- **What is required**: Whenever a picture appears, leave it out while repeating all the other data exactly.

START Supplied material

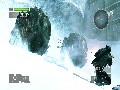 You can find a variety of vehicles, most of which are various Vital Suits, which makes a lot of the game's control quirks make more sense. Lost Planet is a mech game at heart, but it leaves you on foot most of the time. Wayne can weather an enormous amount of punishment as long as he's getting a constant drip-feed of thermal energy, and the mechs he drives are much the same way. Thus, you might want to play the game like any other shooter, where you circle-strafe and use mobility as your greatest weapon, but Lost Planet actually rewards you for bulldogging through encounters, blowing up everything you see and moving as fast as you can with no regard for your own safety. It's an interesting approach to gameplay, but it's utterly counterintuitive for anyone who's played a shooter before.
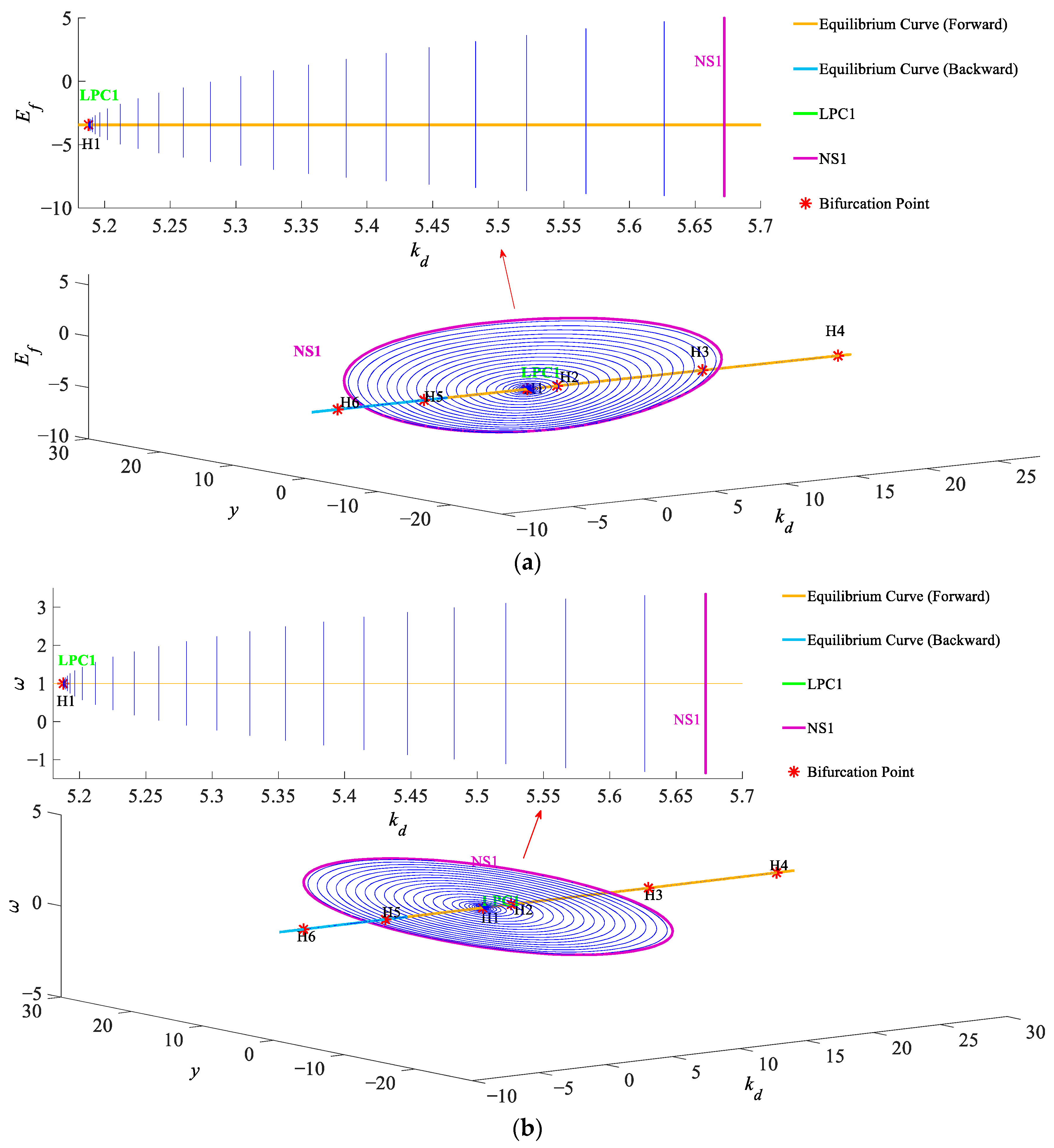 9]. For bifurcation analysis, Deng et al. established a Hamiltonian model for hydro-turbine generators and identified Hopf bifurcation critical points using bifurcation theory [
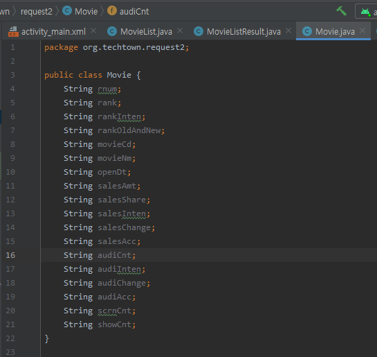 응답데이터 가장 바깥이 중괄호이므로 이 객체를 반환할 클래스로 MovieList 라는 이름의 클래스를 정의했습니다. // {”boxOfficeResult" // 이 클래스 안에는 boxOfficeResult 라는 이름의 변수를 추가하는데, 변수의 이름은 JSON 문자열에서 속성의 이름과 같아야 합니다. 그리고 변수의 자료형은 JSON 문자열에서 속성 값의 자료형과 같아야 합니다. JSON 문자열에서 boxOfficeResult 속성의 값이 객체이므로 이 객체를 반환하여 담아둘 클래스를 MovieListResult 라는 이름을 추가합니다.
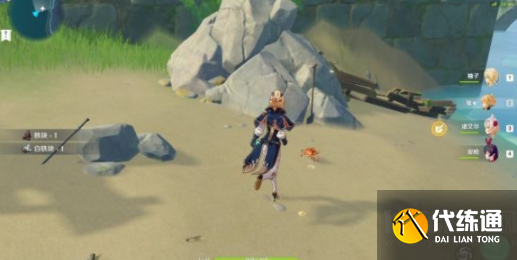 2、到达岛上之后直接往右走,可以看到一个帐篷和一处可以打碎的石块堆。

END Supplied material

- **Task response**:
 You can find a variety of vehicles, most of which are various Vital Suits, which makes a lot of the game's control quirks make more sense. Lost Planet is a mech game at heart, but it leaves you on foot most of the time. Wayne can weather an enormous amount of punishment as long as he's getting a constant drip-feed of thermal energy, and the mechs he drives are much the same way. Thus, you might want to play the game like any other shooter, where you circle-strafe and use mobility as your greatest weapon, but Lost Planet actually rewards you for bulldogging through encounters, blowing up everything you see and moving as fast as you can with no regard for your own safety. It's an interesting approach to gameplay, but it's utterly counterintuitive for anyone who's played a shooter before.
 9]. For bifurcation analysis, Deng et al. established a Hamiltonian model for hydro-turbine generators and identified Hopf bifurcation critical points using bifurcation theory [
 응답데이터 가장 바깥이 중괄호이므로 이 객체를 반환할 클래스로 MovieList 라는 이름의 클래스를 정의했습니다. // {”boxOfficeResult" // 이 클래스 안에는 boxOfficeResult 라는 이름의 변수를 추가하는데, 변수의 이름은 JSON 문자열에서 속성의 이름과 같아야 합니다. 그리고 변수의 자료형은 JSON 문자열에서 속성 값의 자료형과 같아야 합니다. JSON 문자열에서 boxOfficeResult 속성의 값이 객체이므로 이 객체를 반환하여 담아둘 클래스를 MovieListResult 라는 이름을 추가합니다.
 2、到达岛上之后直接往右走,可以看到一个帐篷和一处可以打碎的石块堆。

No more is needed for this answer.